● **Task statement**
With the pictures left out, reproduce exactly the lines running from the line with "Универсальный очиститель для" to the last line of the material below.

***** Data to examine *****

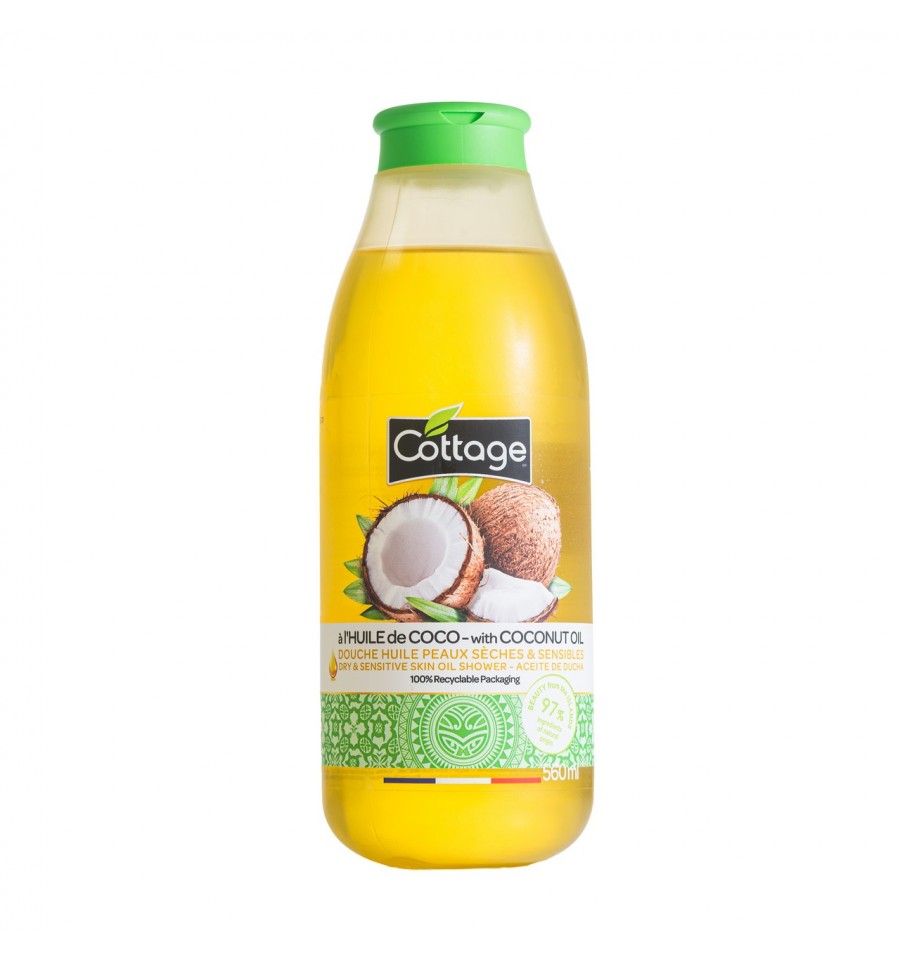 Олія/гель Cottage Екстра живильна Кокосова олія для душу. Цей засіб створено спеціально для догляду за сухою та чутливою шкірою. Він ніжно очищає, інтенсивно живить і запобігає втраті пружності шкіри.97% компонентів натурального походження. Провідним компонентом є кокосова олія, отримана зі свіжої пресованої м’якоті плодів кокосової пальми. Олія кокоса містить суміш жирних кислот, які доглядають за шкірою Аромат: вершково-солодкий з екзотичними акордами. Спосіб застосування Нанесіть невелику кількість засобу на вологу губку чи мочалку або в долоні, масажними рухами розподіліть по тілу, після чого змийте водою. Склад: вода (Aqua), лаурилсульфат амонію, кокамідопропілбетаїн, децилглюкозид, гліцерин, парфумерна композиція (аромат), бензоат натрію, лимонна кислота, кокоглюкозид, гліцерил олеат, бензойна кислота, кокосова олія (Cocos Nucifera), гідроксид натрію, CI 19140 (жовтий 5), токоферол, гідрогенізований цитрат пальмових гліцеридів, CI 15510 (помаранчевий 4), кумарин, гексилциннамаль. Термін придатності - 36 місяців. Зберігати за температури від +5°С до +25°С в гериметично закритій упаковці в сухому приміщенні при відсутності прямого сонячного світла. Виробник: Груп Пантер С.А. З.І., Франція. Адреса виробника: Градіньян Берсоль, Авеню де ла Мадлен 33173, Градіньян Седекс, Франція. Країна: Франція. Маса нетто: 500 мл.
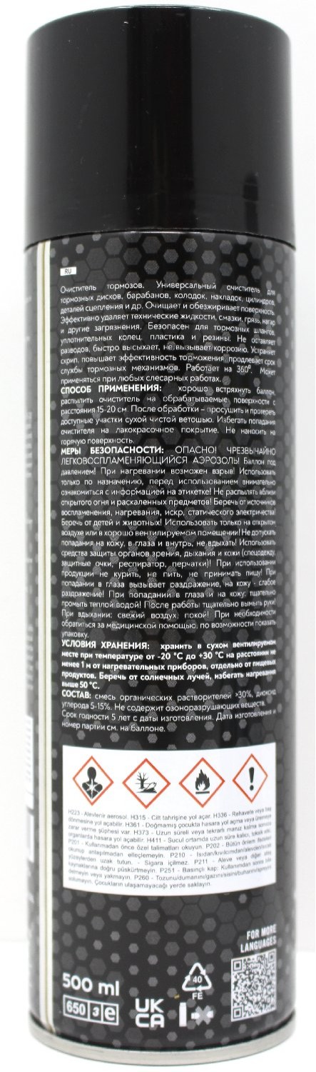 Универсальный очиститель для тормозных дисков, барабанов, колодок, накладок, цилиндров, деталей сцепления и др. Очищает и обезжиривает поверхность. Эффективно удаляет технические жидкости, смазки, грязь, нагар и другие загрязнения. Безопасен для тормозных шлангов,
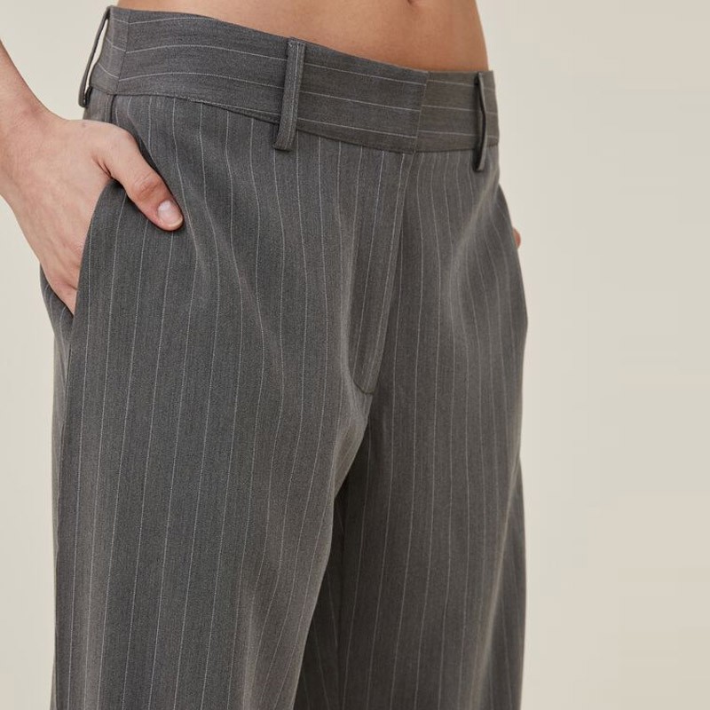 Lady Fashion Low Waist Straight Striped Dress Pants
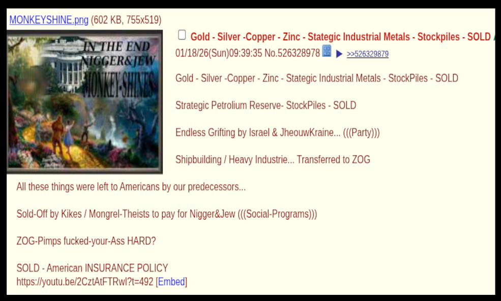 >>527999894Do unto others...Besides, pol's solution to everything is to kill niggers, spics, jeets, boomers, etc.... see if you like it if it works so great.
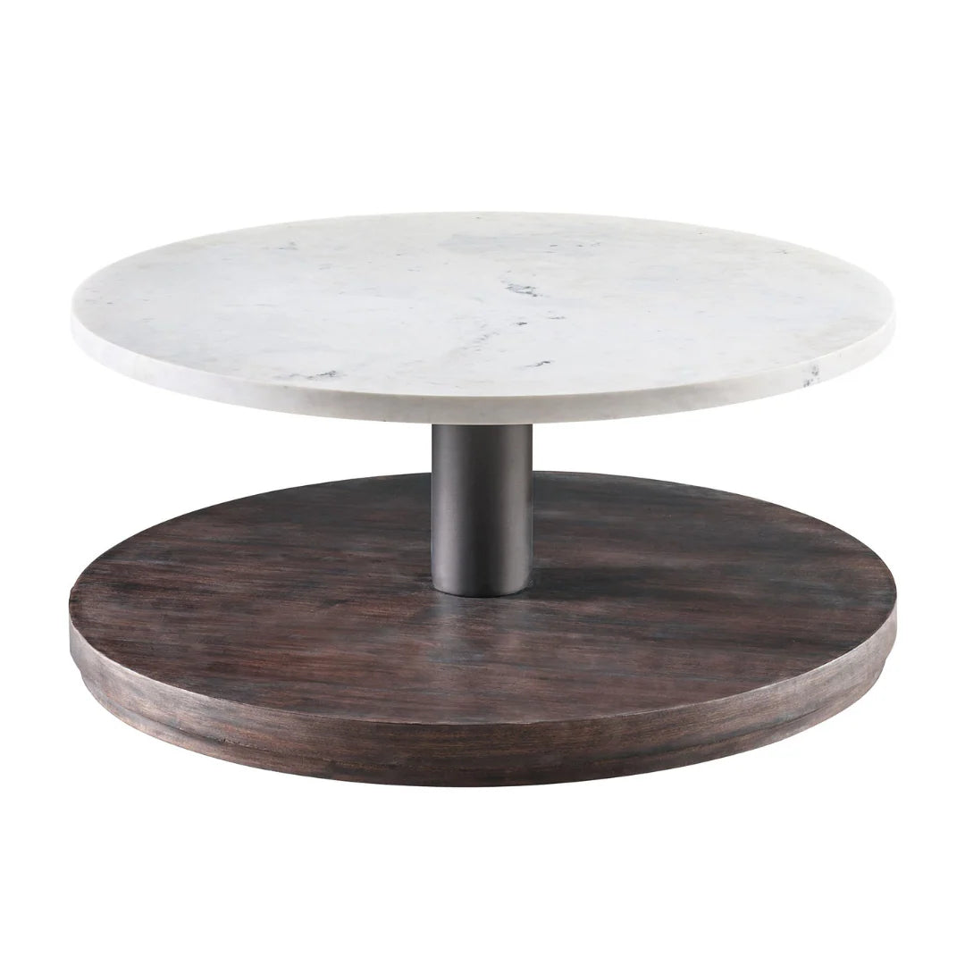 MAMC0186, HEFEI MESA DE CENTRO vigoriza instantáneamente los espacios habitables con su diseño circular elegante y seguro, combinando acabados en blanco y madera que aportan calidez y estilo moderno a cualquier sala, diseñada para ser el punto focal ideal en ambientes contemporáneos o clásicos, ofreciendo funcionalidad y estética en perfecta armonía, MEDIDAS 101.6 x 101.6 x 43.18 cm, el color puede variar ligeramente de las fotografías
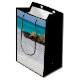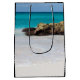 Gift bag with a beautiful photograph. A white sandy beach, with a gentle surf. Tropical turquoise water surrounds a jagged rock.
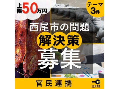 西尾市が抱える問題「災害への備え」,「地元企業と学生のマッチング」,「三河一色産うなぎ」について、民間事業者等から解決策を募集し、実証実験を行います。
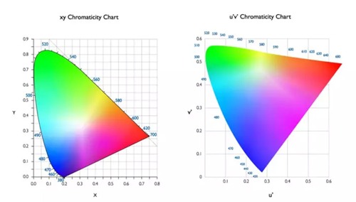圖3: CIE 1931 xy色度圖 圖4: CIE 1976 uv色度圖
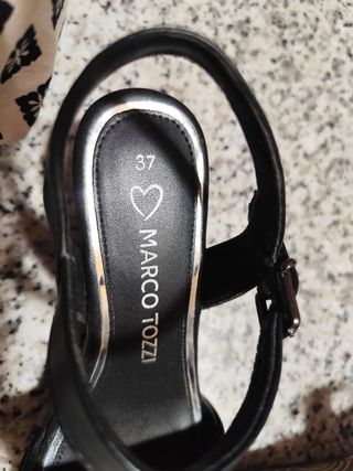 Sandalias de plataforma de la marca Marco Tozzi, talla 37. Son de color negro y tienen una cuña de corcho con un diseño elegante. Ideales para el verano. - Cuña de corcho con estampado. - Hebilla de cierre en el tobillo. - Diseño elegante y cómodo.
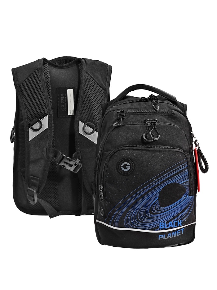 Рюкзак школьный, 38×28×18 см, Grizzly, эргономичная спинка, брелок, чёрный
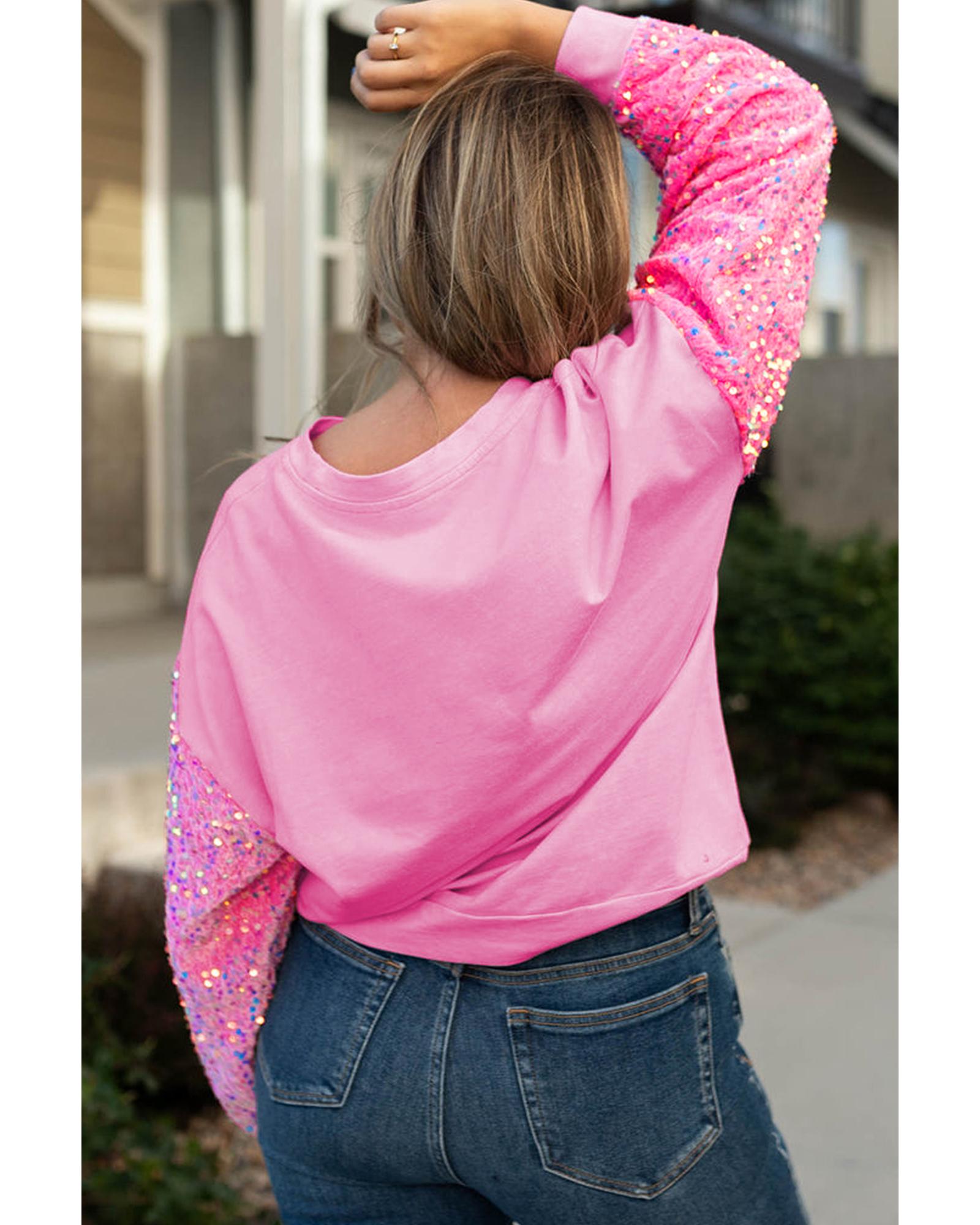 - Pink Plus Size Sequin Sleeve Drop Shoulder Sweatshirt

*****

● **Completed exercise**
 Универсальный очиститель для тормозных дисков, барабанов, колодок, накладок, цилиндров, деталей сцепления и др. Очищает и обезжиривает поверхность. Эффективно удаляет технические жидкости, смазки, грязь, нагар и другие загрязнения. Безопасен для тормозных шлангов,
 Lady Fashion Low Waist Straight Striped Dress Pants
 >>527999894Do unto others...Besides, pol's solution to everything is to kill niggers, spics, jeets, boomers, etc.... see if you like it if it works so great.
 MAMC0186, HEFEI MESA DE CENTRO vigoriza instantáneamente los espacios habitables con su diseño circular elegante y seguro, combinando acabados en blanco y madera que aportan calidez y estilo moderno a cualquier sala, diseñada para ser el punto focal ideal en ambientes contemporáneos o clásicos, ofreciendo funcionalidad y estética en perfecta armonía, MEDIDAS 101.6 x 101.6 x 43.18 cm, el color puede variar ligeramente de las fotografías
 Gift bag with a beautiful photograph. A white sandy beach, with a gentle surf. Tropical turquoise water surrounds a jagged rock.
 西尾市が抱える問題「災害への備え」,「地元企業と学生のマッチング」,「三河一色産うなぎ」について、民間事業者等から解決策を募集し、実証実験を行います。
圖3: CIE 1931 xy色度圖 圖4: CIE 1976 uv色度圖
 Sandalias de plataforma de la marca Marco Tozzi, talla 37. Son de color negro y tienen una cuña de corcho con un diseño elegante. Ideales para el verano. - Cuña de corcho con estampado. - Hebilla de cierre en el tobillo. - Diseño elegante y cómodo.
 Рюкзак школьный, 38×28×18 см, Grizzly, эргономичная спинка, брелок, чёрный
 - Pink Plus Size Sequin Sleeve Drop Shoulder Sweatshirt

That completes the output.